Language of document :

Notice for the OJ

 

Action brought on 19 January 2005 by IMI plc, IMI Kynoch Ltd. and Yorkshire Copper Tube against the Commission of the European Communities

    (Case T-18/05)

    Language of the case: English

An action against the Commission of the European Communities was brought before the Court of First Instance of the European Communities on 19 January 2005 by IMI plc, established in Birmingham (United Kingdom), IMI Kynoch Ltd., established in Birmingham (United Kingdom) and Yorkshire Copper Tube, established in Liverpool (United Kingdom), represented by M. Struys and D. Arts, lawyers.

The applicants claim that the Court should:

-    annul Article 1 insofar as it relates to the companies listed in Article 1 (h), (i) and (j) and annul Article 2 (f) of the Commission Decision dated 3 September 2004 and amended by written procedure on 20 October 2004 in case COMP/E-1/38.069-copper plumbing tubes;

-    alternatively, reduce the fines imposed on the applicants;

-    order the Commission to pay the costs.

Pleas in law and main arguments

In the contested decision, the Commission found an infringement of Article 81(1) EC and Article 53(1) EEA by several undertakings in the copper plumbing sector.
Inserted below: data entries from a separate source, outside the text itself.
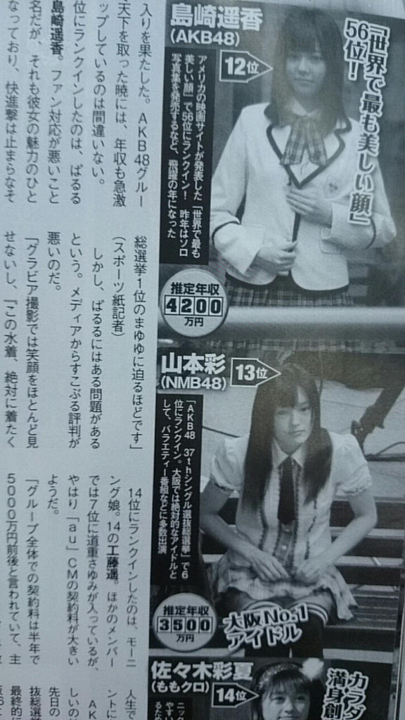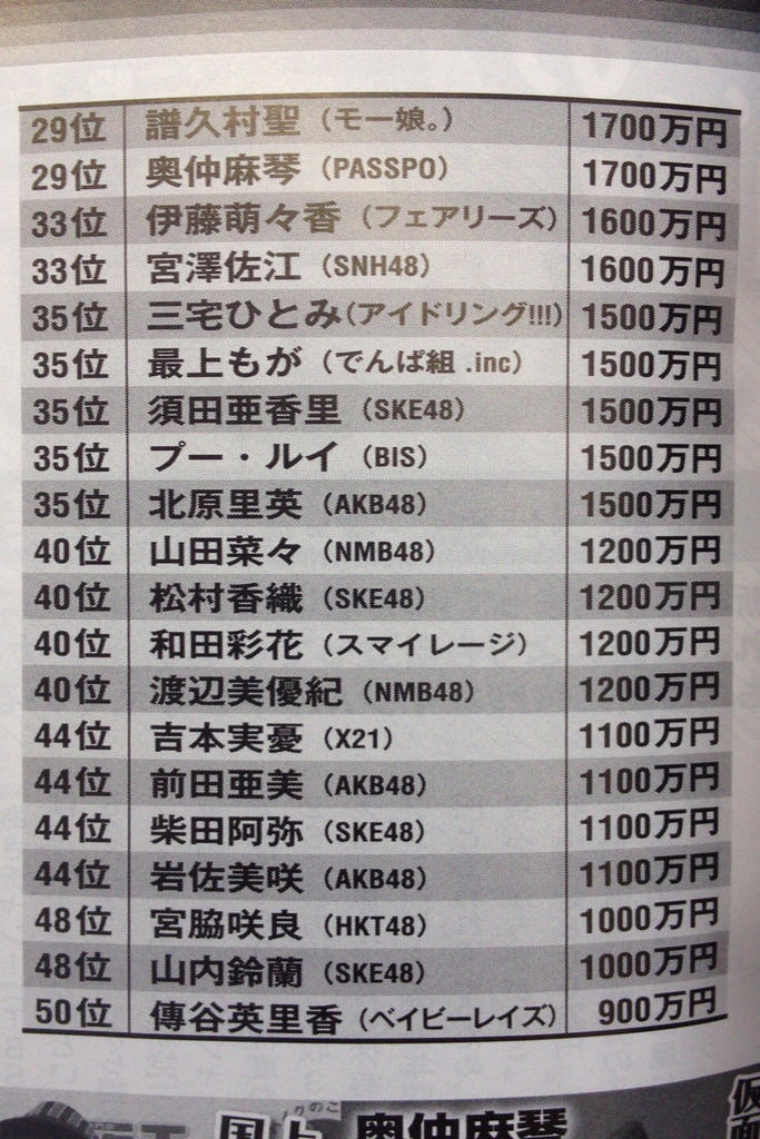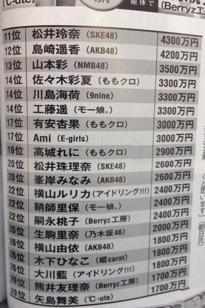 なお、同誌によるギャラランキングの1位は、HKT48・指原莉乃で推定年収は6800万円。
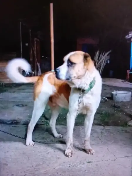 Среднеазиатская овчарка, уши хвост не купирован, глаза большие немного красные, окрас в крапинку и два пятна больших с двух боков коричневые., Ошейник обычный. Возможно сидел на привязи. Лоялен к людям, вероятно хозяин имеет машину. В потере повредил ножку, наступать больно, посмотреть не удаётся. Думаю до 5 лет, мальчик. Относительно спокоен пока. К детям маленьким лояльно относиться, умеет кушать с рук- не хватает. Любит чтобы его гладили и знает себе цену. Связь в любое время.
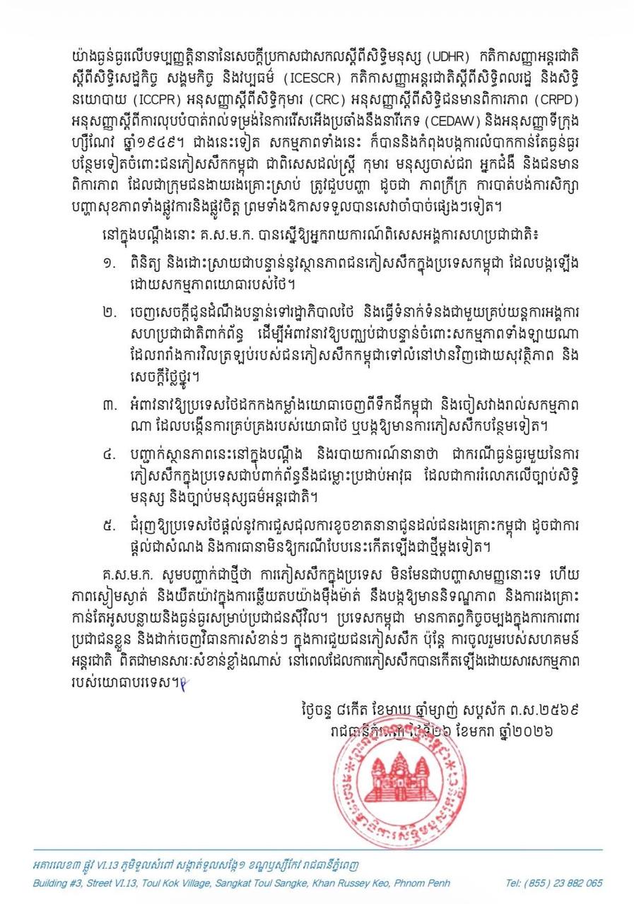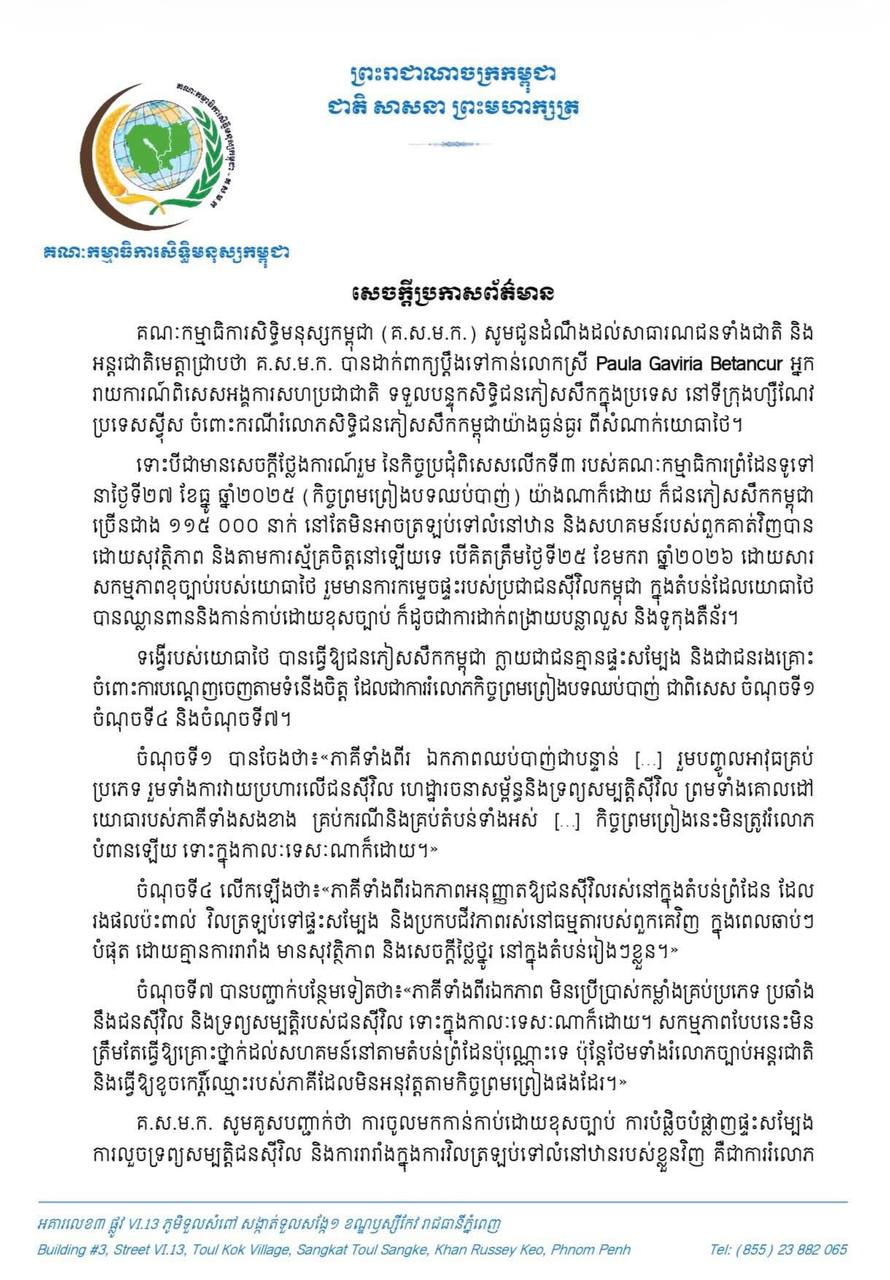 គណៈកម្មាធិការសិទ្ធិមនុស្សកម្ពុជា (គ.ស.ម.ក.) បានដាក់ពាក្យបណ្តឹង ទៅកាន់ លោកស្រី Paula Gaviria Betancur អ្នករាយការណ៍ពិសេសអង្គការសហប្រជាជាតិទទួលបន្ទុកសិទ្ធិជនភៀសសឹកក្នុងប្រទេស ដោយទាមទារឱ្យមានចំណាត់ការជាបន្ទាន់ និងយ៉ាងម៉ឺងម៉ាត់ ចំពោះសកម្មភាពខុច្បាប់របស់យោធាថៃ
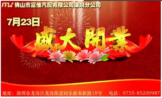 In July 23, 2013, Foshan Fu Wei Auto Parts Co., Ltd. Shenzhen branch in Guangdong Province Shenzhen city Longgang District Longgang Street fun new Bu Xin Lu, 18, held a grand opening ceremony. The company will continue to adhere to the customer demand, customer satisfaction for the purpose, wholeheartedly with the vast number of old and new friends from all walks of life, hand in hand to create brilliant!
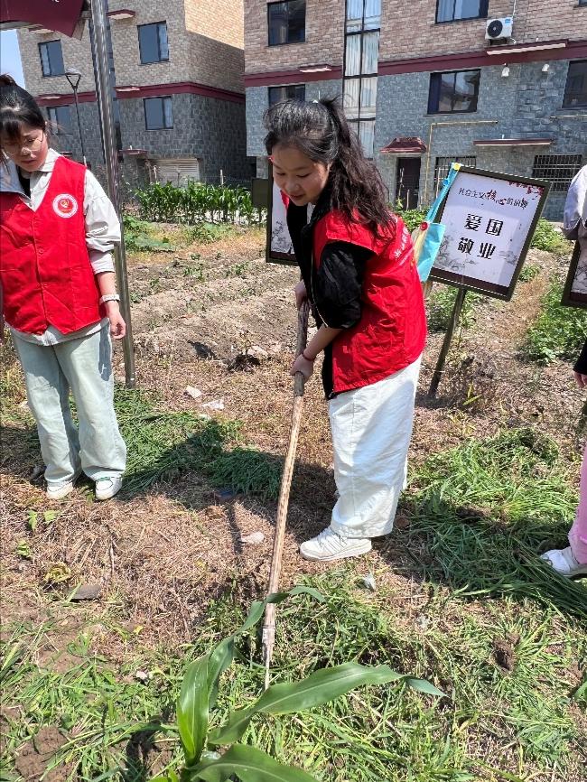 以陆泽村实验园作为劳动教育基地,党员志愿者们在当地村民带领下深入田间,开展沉浸式农耕实践教学。村民现场示范除草耕地技术,志愿党员们认真观摩学习。烈日当空,党员们躬身田间,虽汗流浃背却依旧专注地用双手一根根拔除杂草,为玉米幼苗生长提供空间与养分。这场“农耕劳作悟初心”的实践,让每一位党员在翻土除草间感悟责任担当,于播种耕耘中淬炼党性修养,让红色精神在希望的田野上熠熠生辉。

The infringement comprised three separate manifestations: arrangements among the so-called SANCO producers, arrangements among the so called WICU and Cuprotherm producers and arrangements among the broader group of copper plumbing tube producers. According to the decision, the applicants were not aware or could not have reasonably foreseen the SANCO arrangements and the WICU and Cuprotherm arrangements.
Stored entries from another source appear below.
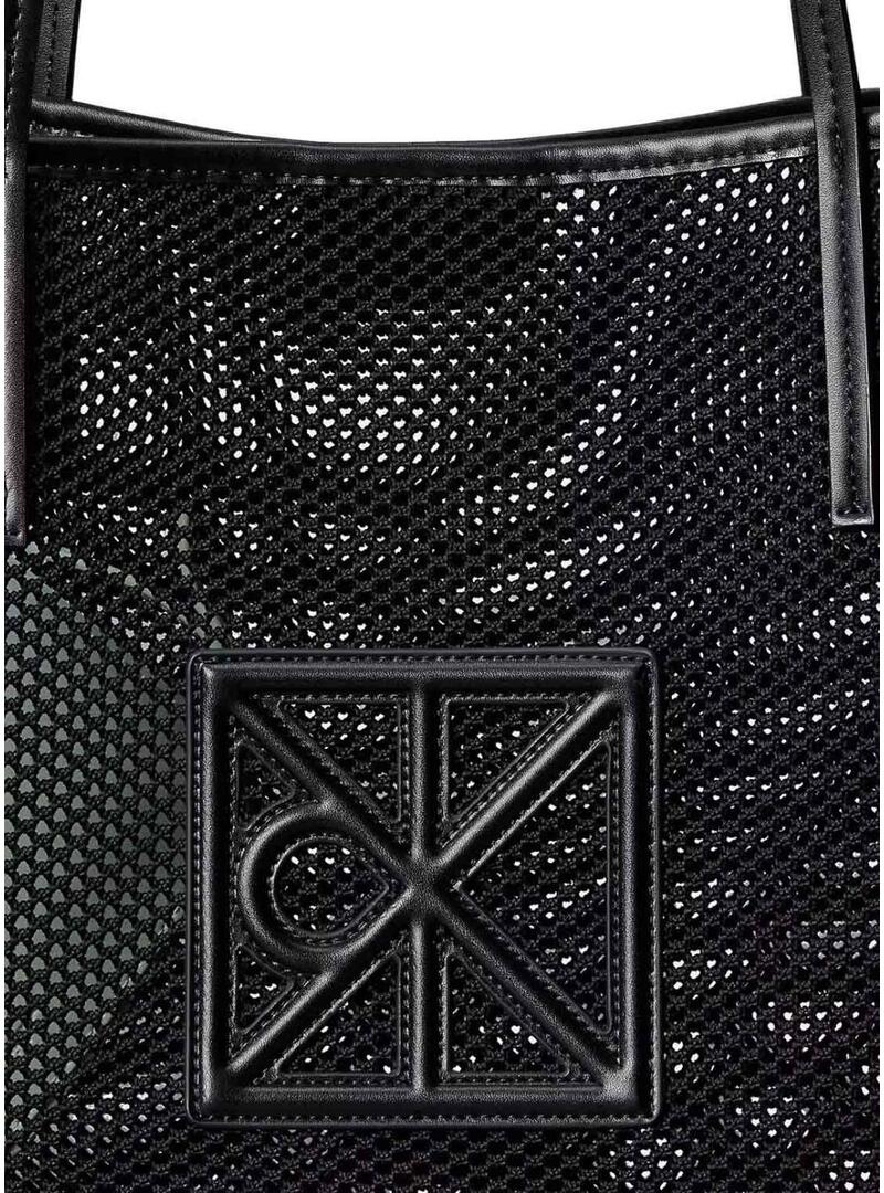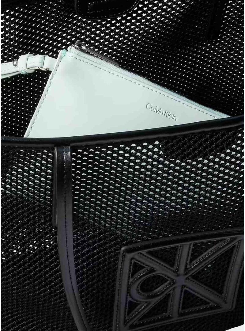 Bolsa Calvin Klein Jeans. Modelo Emblem Mesh. Cor preta. Exterior em malha de poliéster. Alças de mão duplas. Necessaire interna com zíper em cor branca. Design com logo em relevo. Dimensões: 13 cm, 25,5 cm e 3 cm. Comprimento da alça: 29 cm.
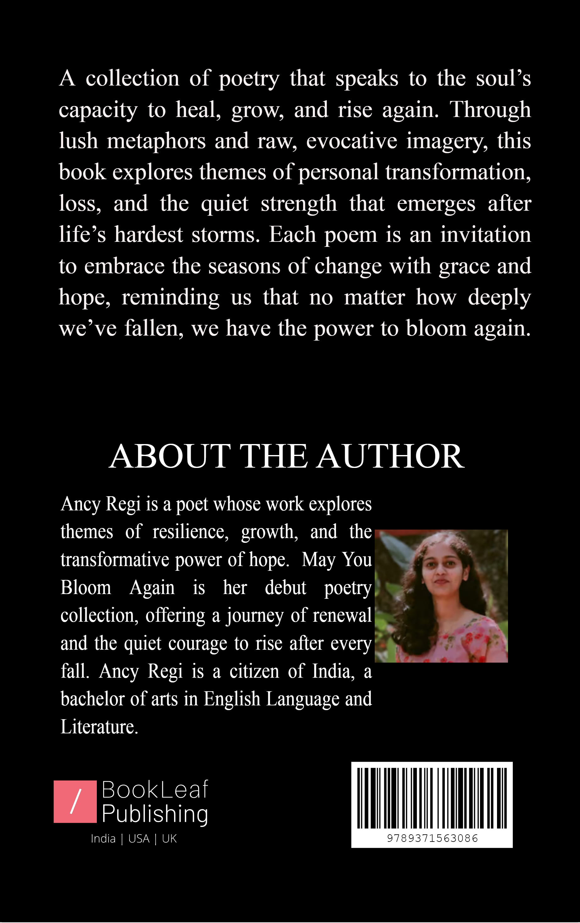 "May you Bloom Again" is a collection of short poems that speaks to the soul’s capacity to heal, grow, and rise again. Through lush metaphors and raw, evocative imagery, this book explores themes of personal transformation, loss, and the quiet strength that emerges after life’s hardest storms. Each poem is an invitation to embrace the seasons of change with grace and hope, reminding us that no matter how deeply we’ve fallen, we have the power to bloom again.
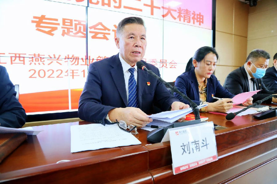 11月18日下午,燕興集團黨委召開學(xué)習(xí)宣傳貫徹黨的二十大精神專題會議。集團黨委書記、副總裁劉南斗主持會議,集團黨委委員、公司領(lǐng)導(dǎo)、贛州中心城區(qū)各支部黨員、入黨積極分子、各項目管理人員及公司各職能部門負責(zé)人參加。
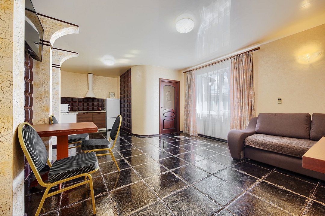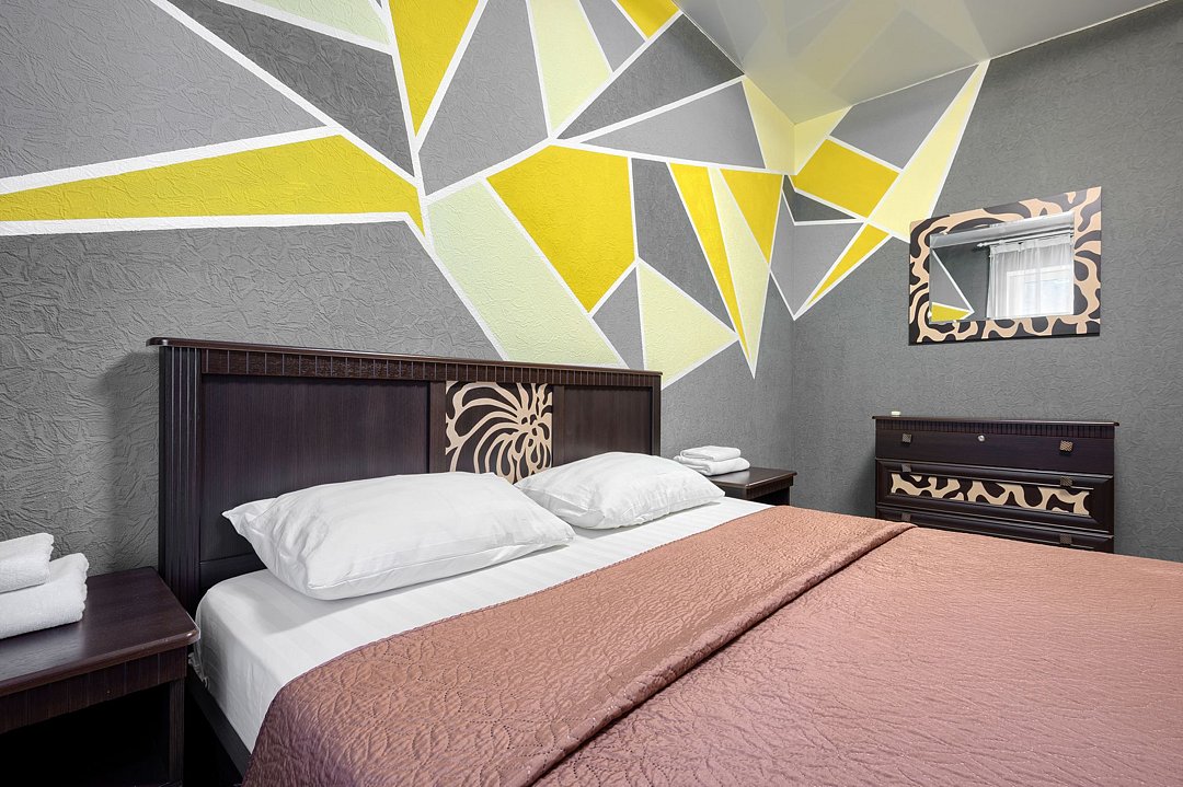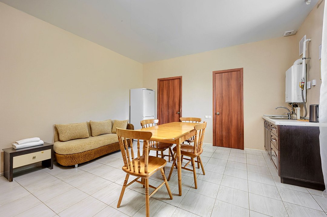 2-х местный номер. Прихожая, спальная комната + гостиная и кухонной зоной. Ванная комната с душем. Возможно 2 доп. места.

In support of their application, the applicants submit a violation of the principle of non-discrimination. According to the applicants, the Commission favoured, because of the way it conducted its investigation, some of the undertakings. The applicants state that they were the last companies to receive a request for information and therefore were also the last to apply for leniency, resulting in only a 10% reduction of the fine on that ground.

The applicants furthermore submit that the Commission erred in finding that the SANCO arrangements were not significantly tighter than the arrangements in the broader group. They also submit that the absence of differentiation at the level of the fines between the participants in the SANCO arrangements and participants in the broader group of producers, violates the principle of non-discrimination and the principle according to which responsibility for violating competition law is personal in nature.

The applicants also contest the conclusion to impose the same fine on the applicants and the producers that participated in the broader arrangement and the WICU and Cuprotherm arrangements. The applicants submit that this conclusion violates the principle of non-discrimination, the principle according to which responsibility for violating competition law is personal in nature and that the decision is not sufficiently reasoned on this point.

The applicants furthermore claim that the Commission violated the principle of non-discrimination and made a manifest error in finding that the applicants participated without interruption in the arrangements while no continuity could be established in respect of certain other undertakings. According to the applicants, their situation is identical to that of those other undertakings. The applicants also invoke in this respect a violation of their rights of defence in that the Commission relied in the decision on elements that had not been taken into consideration in the statement of objections.

Finally, the applicants submit a violation of the principle of proportionality in the determination of the fines.